Benchmarking Framework

Swe03
Customer: StrategoXT project

Contact: Eelco Visser visser+bench@cs.uu.nl

Description

Develop a framework for conducting various kinds of performance tests on programs, collecting performance measurements, and presenting the results in different views. The framework should become generic and applicable to differents types of programs.

Technological Requirements

  • May have interactive mode, but should be executable automatically in batch mode

  • Should work on Linux

  • Data exchange should be in XML or ATerms

Customer Commitment

  • Customer will provide test material.

  • Questions about requirements will be answered within 48 hours.

  • Will attend team meetings and project reviews;-)

Use Cases

Time vs Size

The basic use case for the benchmarking tool is to take a single executable and a set of input files.
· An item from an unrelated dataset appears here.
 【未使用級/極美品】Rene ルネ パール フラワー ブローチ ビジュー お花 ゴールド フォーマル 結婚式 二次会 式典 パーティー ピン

The executable is applied to each of the inputs and the time of the execution is measured using the time command. These times are then offset against the size of the input file. The result is (1) a sorted table with size x time entries (2) the average time/size unit (3) a graphical display of the measurements.
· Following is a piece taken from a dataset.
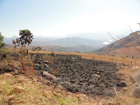 Well…on the second day we split up and were working on two different pieces of land. In the middle of the burn Steven (anther racer) and I were in the middle of the two groups walking away when we heard a guy yelling Stevens name from the group behind us. Then we distinctly heard someone yell “HELP.” It is a good thing Steven and I were still close to both teams because we could barley hear the people yelling from where we were at and there was no chance the other team could have heard. I started running in the direction with my trusty tree branch at pretty good speed. I assumed it was just a small matter that wasn’t too demanding. Then, as I came over the hill, I saw that my assumption was wrong. The fire was out of control! It had gone past the barbed wire fence that divided some of the property and was headed towards the church the baby house, where there are about 20 toddlers. I ran to the barbed wire fence, squeezed my way through and started heading toward this huge grass fire. About this time the other group was running towards the raging fire. They had seen me and Steven running, heard the distant commotion and were coming to help. We had about 20 people fighting a fire that in some places was over 7 feet high. Our tree branches burned within seconds because of the heat of the flames so we had to get creative. At one point I had a nasty dog blanket that I had soaked in the toilet water and was trying to beat out the fire with that. (those of you who know me know that only under a dyer situation would I douse a dog blanket in toilet water then sling it by my face.) Some of the guys were haling buckets of water from a small pond about 30 yards away and others were just freaking out unsure of what to do. It was scary! The fire got all the way up to about 6 feet away from the baby house and 3 feet away from the Church before we finally managed to get it out. By the end of it we were all covered in black soot and our lungs struggled to take in air after inhaling so much smoke. Most of us had red, sunburn looking faces, singed arm hairs, and exhausted looks on our faces. We were all in shock of what just happened.

Parameters: name of executable, input files

Size Function

It may be too simplistic to take the raw file size. The tool should be parameterizable with a function that computes the size of an input file. An example could be a function that computes the number of nodes of an abstract syntax tree.
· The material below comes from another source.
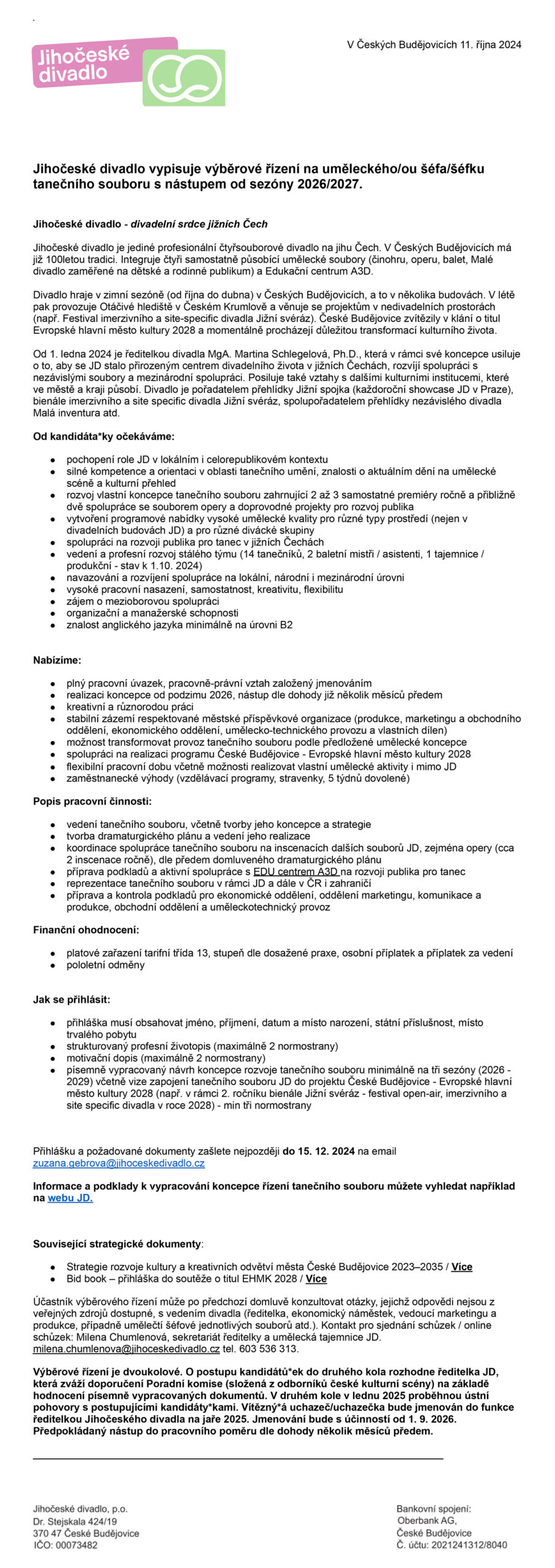 Čtení Jihočeské divadlo vypisuje výběrové řízení na uměleckého šéfa tanečního souboru

Separation of Data and Presentation

The collection of timing measurements should be separated from the production of presentation of the data. It should be possible to provide a new display component to work with existing data collection, or vice versa to plug in a new collection method.

Presentation Methods

A variety of methods can be used to present the results of measurements

  • table : just listing input and output values (e.g., size vs time)
  • derived values : e.g., time per size unit, average speed, ...
  • charts : showing trends, comparisons

Comparing Tools

Rather then timing the performance of one tool, several variants of a tool should be tested against the same data. Examples include timing a compiler with different optimization levels, and timing different versions of a compiler.

Multi-stage Timing

It may be necessary to generate different tools or versions of tools and test the performance of each of the derivatives. For instance, to measure the effect that different compiler optimizations have on a program.

Etc.

The above is an initial set of use cases to get you started. Further extensions should be considered once a first prototype is up and running.